The above algebraic chiral relations mentioned also as Wu-relations
 in the literature \cite{BJL} were first derived in
ref.\cite{YLW1}, they have been checked from an explicit
calculation up to the chiral one-loop level by using the usual
cut-off regularization\cite{BBG}. It was based on this observation that
the ratio $\varepsilon'/\varepsilon$ was predicted\cite{YLW1,PW} to be large enough
 ( $\varepsilon'/\varepsilon = (1-3)\times 10^{-3}$ ) for observation.
 In ref. \cite{g1}, it has further been shown that the algebraic Wu-relations
 of the chiral operators survive from loop corrections and
 can provide a consistent prediction for both the direct CP-violating parameter
 $\varepsilon'/\varepsilon$ and the $\Delta I = 1/2$ rule when applying for an
 appropriate matching procedure between QCD and ChPT.


\section{Matching Approach}


 The short-distance evolution of quark operators is performed from perturbative QCD.
 When the energy scale $\mu$ is high, $m_W > \mu > m_b$, there are eleven
 independent operators $Q_i$ ($i=1,\cdots, 11$).
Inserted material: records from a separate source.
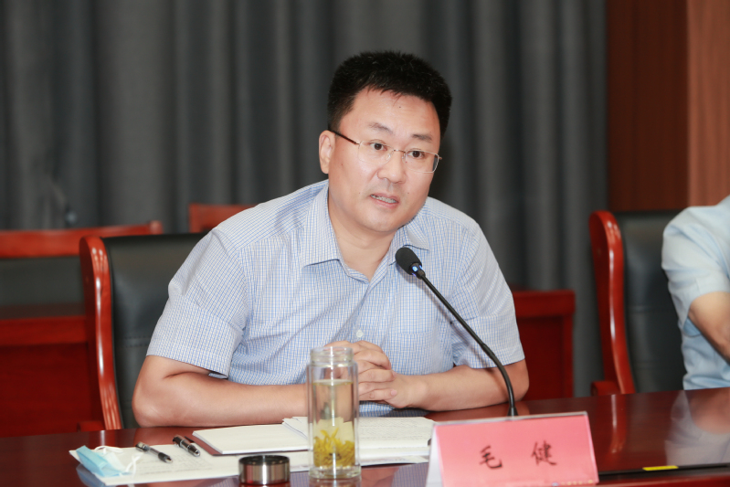 7月13日,镇江市丹徒区委书记毛健一行来校调研,开展校地合作座谈,丹徒区委副书记、政法委书记包荣军,区委常委、宣传部长、统战部长邵建海,区委办、区科技局、市自然资源和规划局丹徒分局、区人才办、丹徒高校园区指挥部相关负责人参加调研。学校党委书记葛世伦,党委常委、副校长汤建,党委常委、宣传部长周春燕出席座谈会。汤建主持座谈。
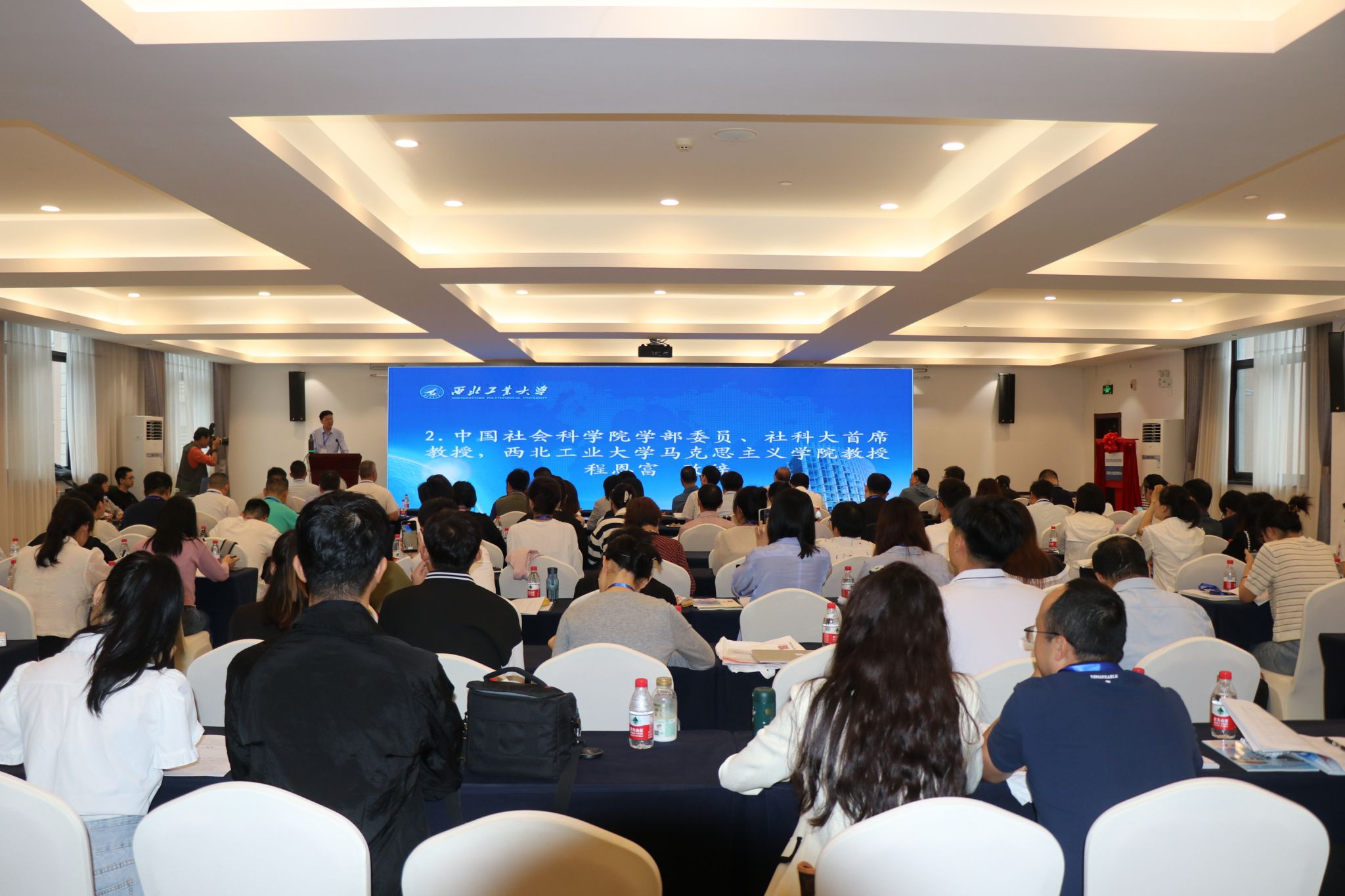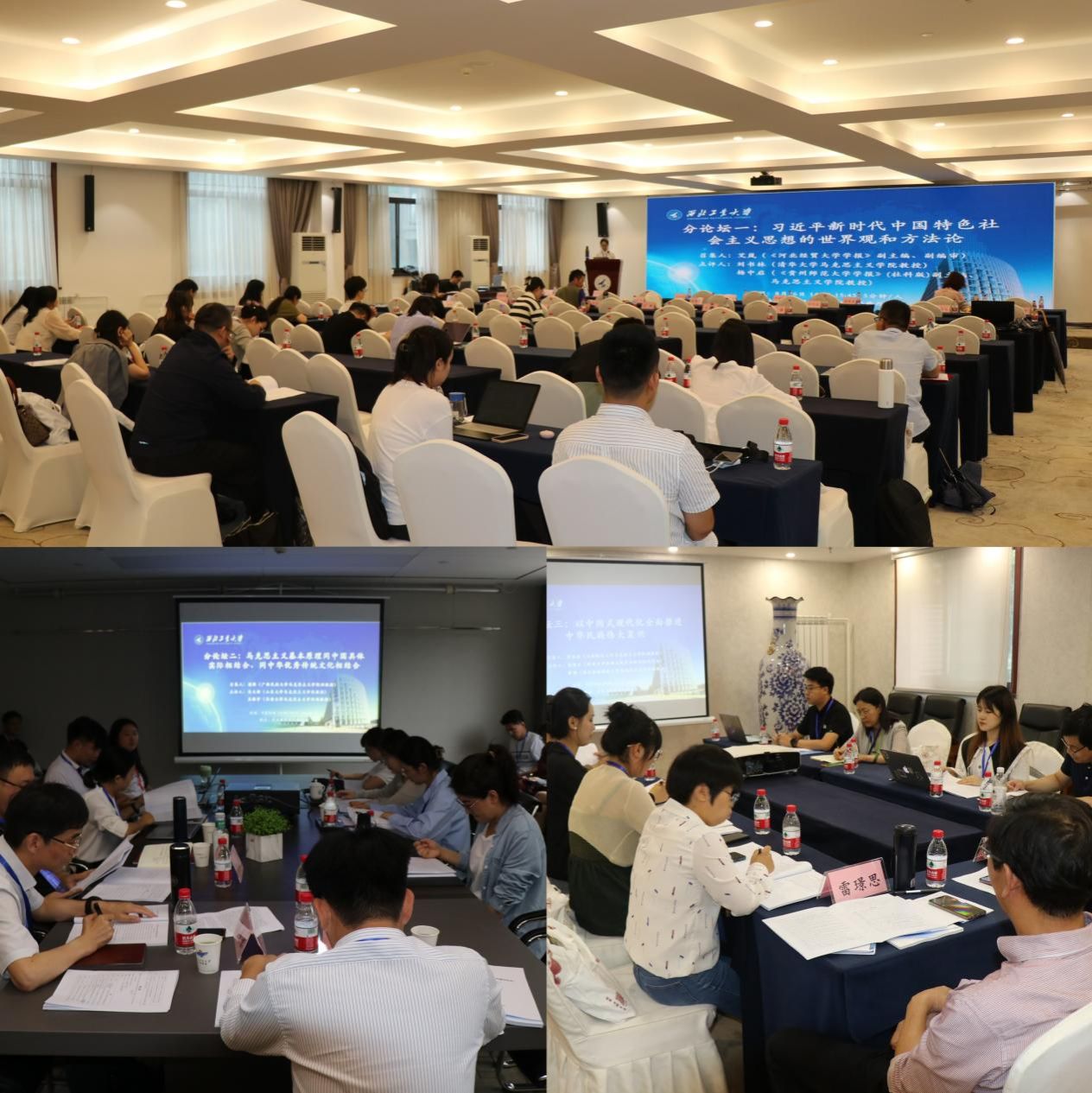 2023年8月26日,由陕西(高校)哲学社会科学重点研究基地、PP电子游戏网站科学技术研究院、PP电子游戏网站社会科学界联合会、PP电子游戏网站主办,《政治经济学研究》《海派经济学》《PP电子游戏网站学报(社会科学版)》《河北经贸大学学报》《世界马克思主义研究》协办的推进马克思主义中国化时代化学术论坛暨陕西(高校)哲学社会科学重点研究基地“马克思主义创新发展研究中心”成立研讨会在PP电子游戏网站顺利举行。来自中国社会科学院、清华大学、北京大学、中国人民大学、上海交通大学、复旦大学、山东大学等30余所高校、科研机构的专家学者,以及高校师生100余人参加了本次论坛。设有开幕式、主旨发言、大会发言和分论坛讨论及汇报、闭幕式等环节。
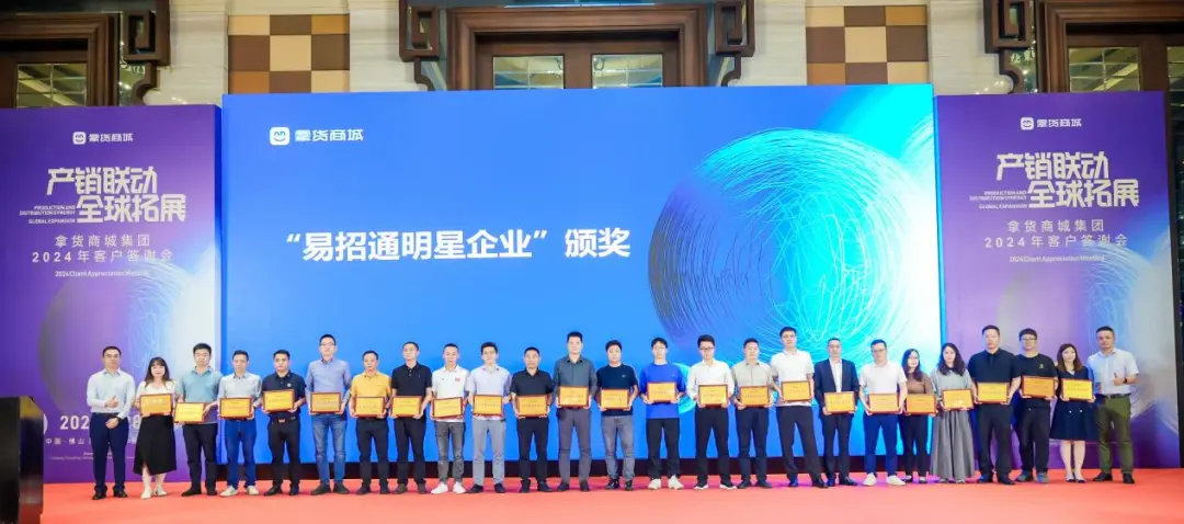 为表彰2023年做出突出贡献的合作伙伴单位,答谢会现场隆重颁发了“易招通明星企业”、“优秀跨境企业”、“风雨同舟”三大奖项,获奖企业凭借出色业绩和和衷共济的合作精神成为合作伙伴标杆。
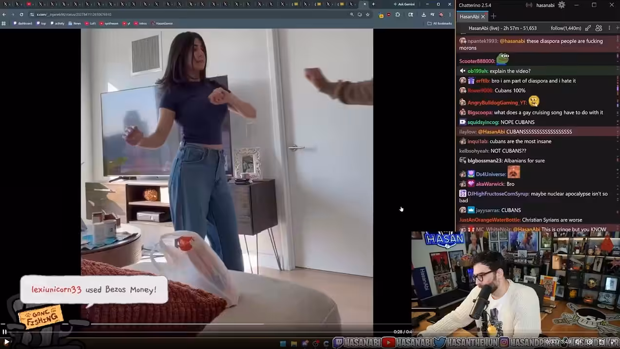 Hasan expresses bafflement at people dancing while Iran is being bombed. Photo: X/@HasanabiProd/screenshot.
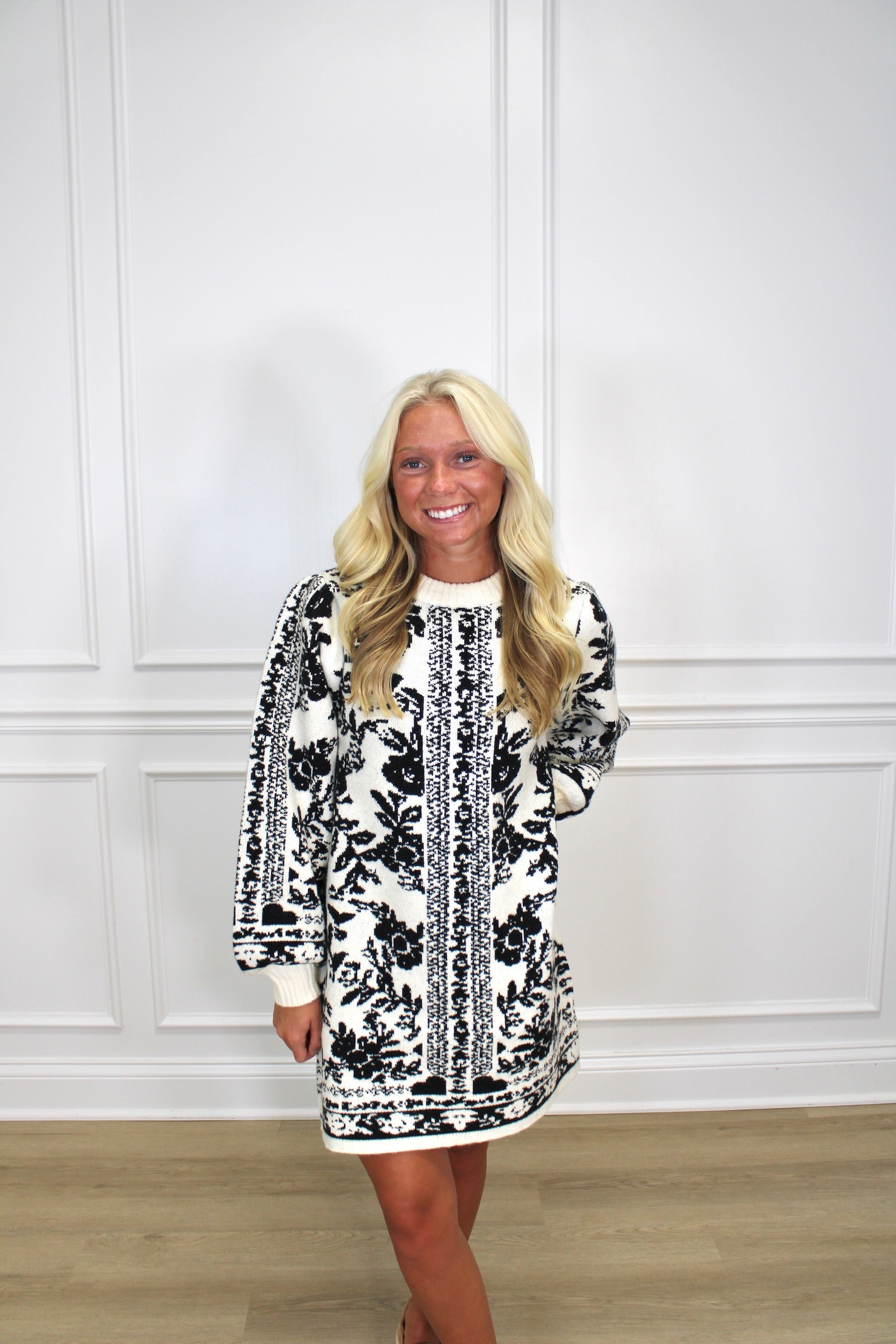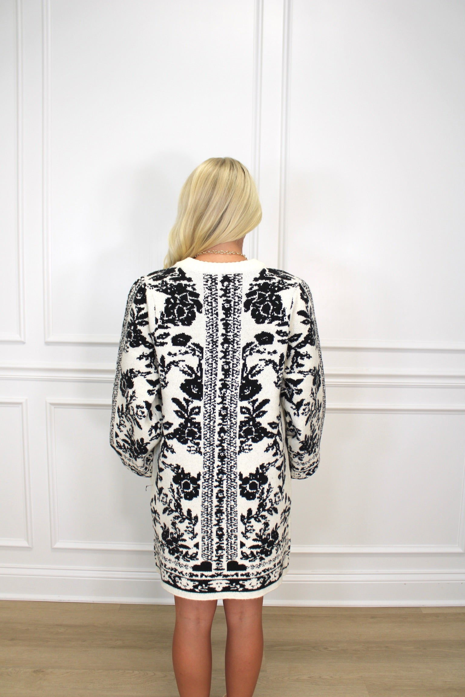 Step into playful elegance with this jacquard floral printed sweater knit mini dress. Featuring long balloon sleeves and a cozy pullover design, it’s perfect for adding a fun, feminine touch to your look while keeping you comfy. The intricate floral pattern and flattering mini length make it a charming choice for any casual occasion.

When the energy scale $\mu$
 runs down to below the bottom quark mass $m_b$ and above the charm
 quark mass $m_c$, i.e., $m_b > \mu > m_c$, the operator $Q_{11}$ decouples and
 operator $Q_{10}$ is given by the linear combination $Q_{10} = -2Q_1 + 2Q_2
 + Q_3 - Q_4$. Once the energy scale $\mu$
 goes down to below $m_c$ but above the confining scale or the energy
 scale $\Lambda_{\chi}$, i.e., $m_c > \mu > \Lambda_{\chi}$, two
 operators $Q_9$ and $Q_4$ become no longer independent and are given by the
 linear combination $Q_9 = Q_2 + Q_1$ and $Q_4 = Q_3 + Q_2 - Q_1$. Thus there
 are only seven independent operators below $m_c$ and above $\Lambda_{\chi}$.
 The one-loop QCD corrections of the quark operators at
 the energy scale just above the energy scale $\Lambda_{\chi}$ is given by
\begin{eqnarray}
Q_1(\mu_Q) & = & Q_1(\mu) - 3 \frac{\alpha_s}{4\pi}\ln (\frac{\mu_Q^2}{\mu^2})\,
Q_2(\mu) + O(1/N_c)\,   , \\
Q_2(\mu_Q) & = & Q_2(\mu) - 3 \frac{\alpha_s}{4\pi}\ln (\frac{\mu_Q^2}{\mu^2})\,
Q_1(\mu) \nonumber \\
 & - & \frac{1}{3}\, \frac{\alpha_s}{4\pi}\ln (\frac{\mu_Q^2}{\mu^2})\, Q_4(\mu)
- \frac{1}{3}\, \frac{\alpha_s}{4\pi}\ln (\frac{\mu_Q^2}{\mu^2})\, Q_6(\mu) + O(1/N_c)\,  , \\
Q_4(\mu_Q) & = & Q_4(\mu) - 3 \frac{\alpha_s}{4\pi}\ln (\frac{\mu_Q^2}{\mu^2})\,
Q_3(\mu) \nonumber \\
& - & \frac{\alpha_s}{4\pi}\ln (\frac{\mu_Q^2}{\mu^2})\, Q_4(\mu)
-  \frac{\alpha_s}{4\pi}\ln (\frac{\mu_Q^2}{\mu^2})\, Q_6(\mu) + O(1/N_c)\, , \\
Q_6(\mu_Q) & = & Q_6(\mu)
- \frac{\alpha_s}{4\pi}\ln (\frac{\mu_Q^2}{\mu^2})\, Q_4(\mu)
\nonumber \\
 & + & [3(N_c -1/N_c)- 1] \frac{\alpha_s}{4\pi}\ln (\frac{\mu_Q^2}{\mu^2})\,  \, Q_6(\mu)
+ O(1/N_c)\, ,\\
Q_8(\mu_Q) & = & Q_8(\mu)  +
[3(N_c -1/N_c)- 1] \frac{\alpha_s}{4\pi}\ln (\frac{\mu_Q^2}{\mu^2})\,  \, Q_8(\mu) \  ,
\end{eqnarray}
and
\begin{eqnarray}
Q_3(\mu_Q) & = & Q_3(\mu)  - \frac{11}{3}\, \frac{\alpha_s}{4\pi}
\ln (\frac{\mu_Q^2}{\mu^2})\, Q_4(\mu) - \frac{2}{3}\, \frac{\alpha_s}{4\pi}
\ln (\frac{\mu_Q^2}{\mu^2})\, Q_6(\mu) + O(1/N_c)\, , \\
Q_5(\mu_Q) & = & Q_5(\mu)  + 3\frac{\alpha_s}{4\pi}
\ln (\frac{\mu_Q^2}{\mu^2})\, Q_6(\mu) + O(1/N_c)\ ,  \\
Q_7(\mu_Q) & = & Q_7(\mu)  + 3\frac{\alpha_s}{4\pi}
\ln (\frac{\mu_Q^2}{\mu^2})\, Q_8(\mu) + O(1/N_c)\ .
\end{eqnarray}
It is then clear that

i) In the large $N_c$ limit, $Q_1$, $Q_2$, $Q_4$, and $Q_6$ form
a complete set of operators under QCD corrections.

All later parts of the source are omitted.